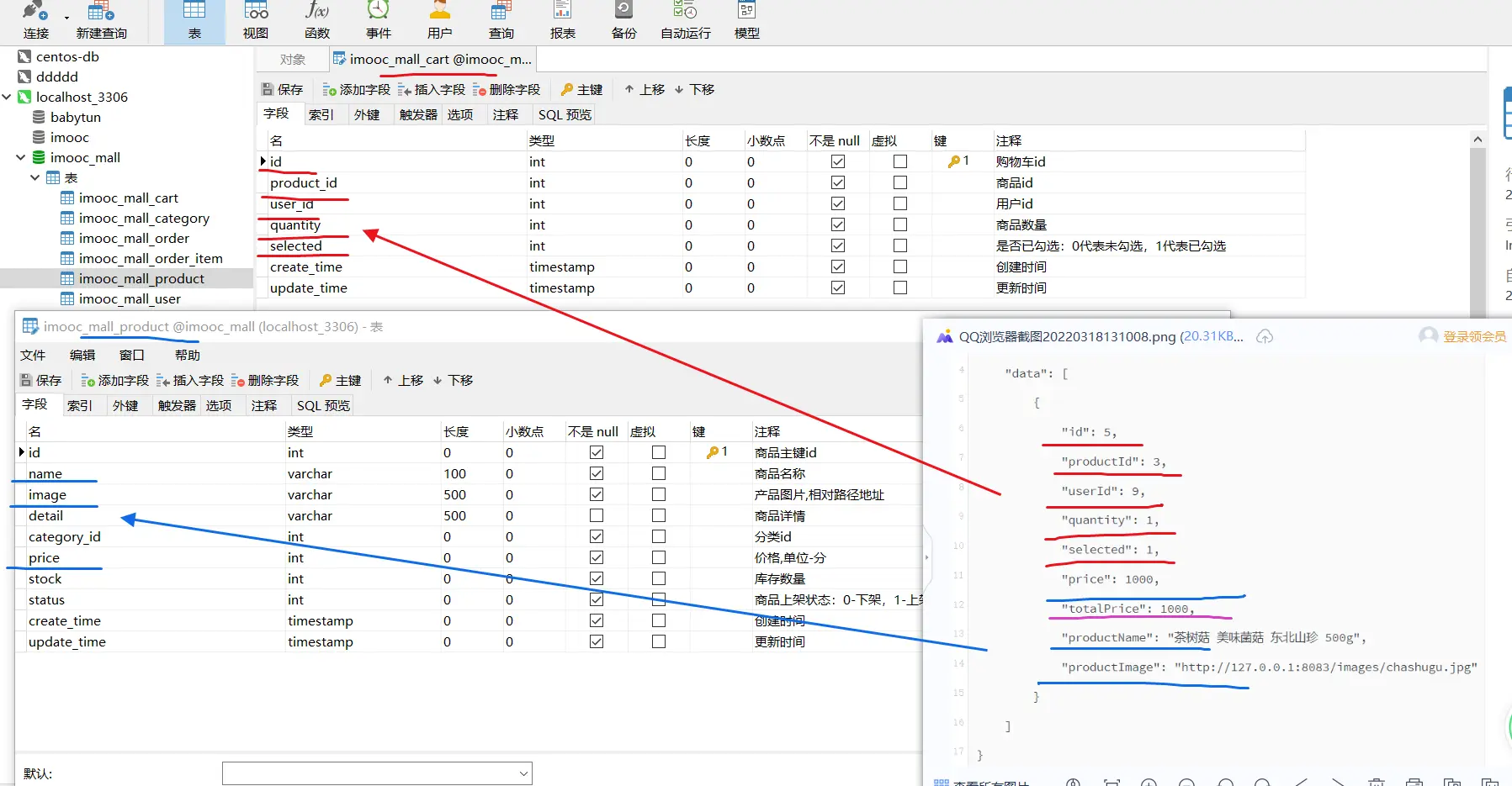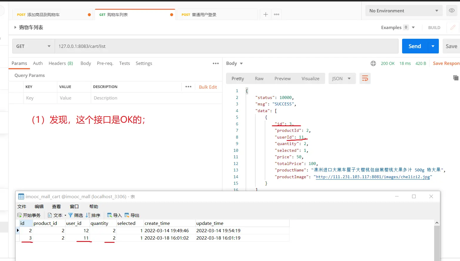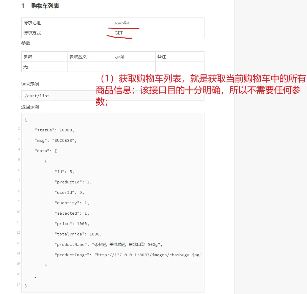 ● 可以看到,【购物车列表】接口对返回数据的要求,其包括了cart表的内容、也包括了product表的内容、也有一个totalPrice;
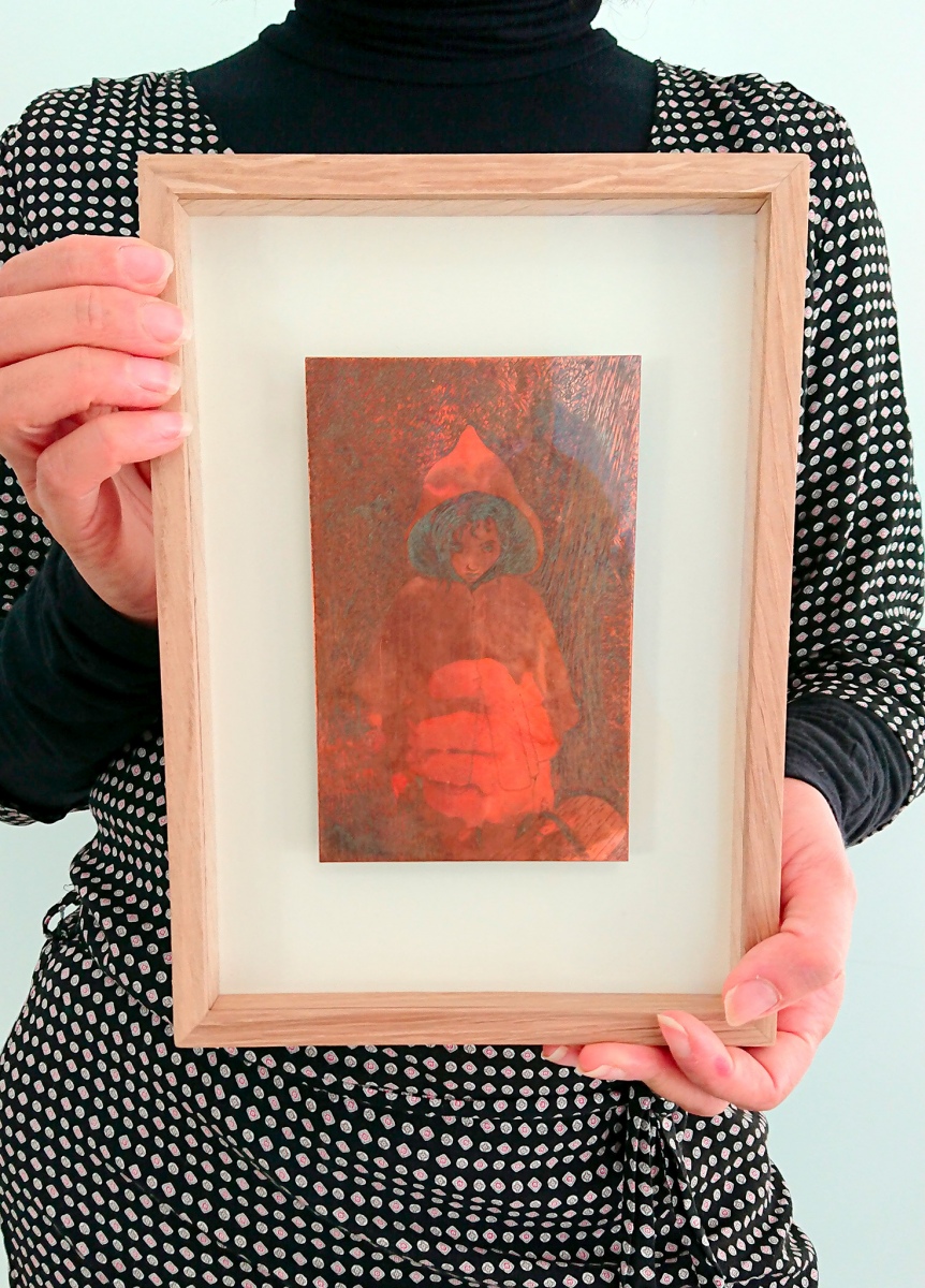 - 2 cadres en chêne clair brut contenant chacun la plaque de cuivre de la gravure ( format 18 x 25 cm ) avec crochet
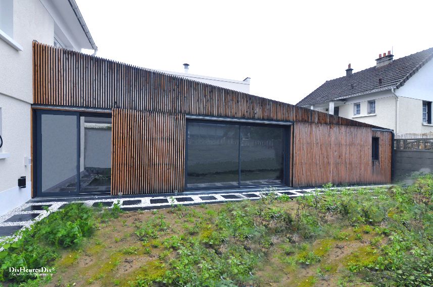 A Ormesson-sur-Marne, l’extension de cette maison familiale sur le jardin sert d’abri extérieur mais peut également se transformer en chambre d’appoint, voir en studio autonome.
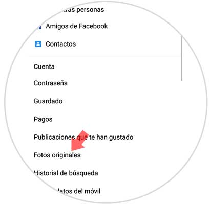 Una vez aquí, debes desplazarte hacia la sección en la que pone “Cuenta” y hacer clic sobre el apartado “Fotos originales”.
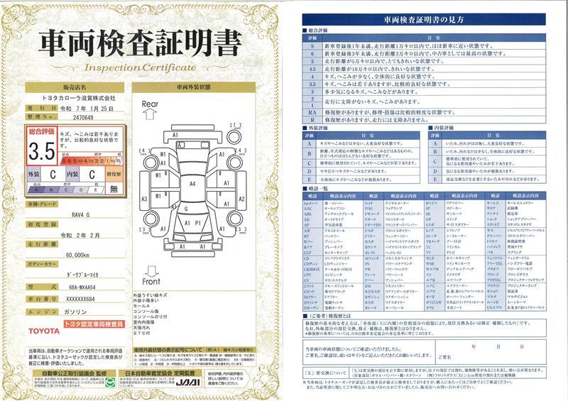 詳細及び現状の車両状態につきましては、店舗スタッフまでお尋ねください。 - 注2)上記と同様の評価点・状態表を「車両検査証明書」として店舗の展示車両に搭載しております。

WHAT IS EXPECTED: Repeat only the lines from the one holding "- 2 cadres en" through the last line of the data, inclusive. Keep the pictures out.

ANSWER TO THE EXERCISE:
 - 2 cadres en chêne clair brut contenant chacun la plaque de cuivre de la gravure ( format 18 x 25 cm ) avec crochet
 A Ormesson-sur-Marne, l’extension de cette maison familiale sur le jardin sert d’abri extérieur mais peut également se transformer en chambre d’appoint, voir en studio autonome.
 Una vez aquí, debes desplazarte hacia la sección en la que pone “Cuenta” y hacer clic sobre el apartado “Fotos originales”.
 詳細及び現状の車両状態につきましては、店舗スタッフまでお尋ねください。 - 注2)上記と同様の評価点・状態表を「車両検査証明書」として店舗の展示車両に搭載しております。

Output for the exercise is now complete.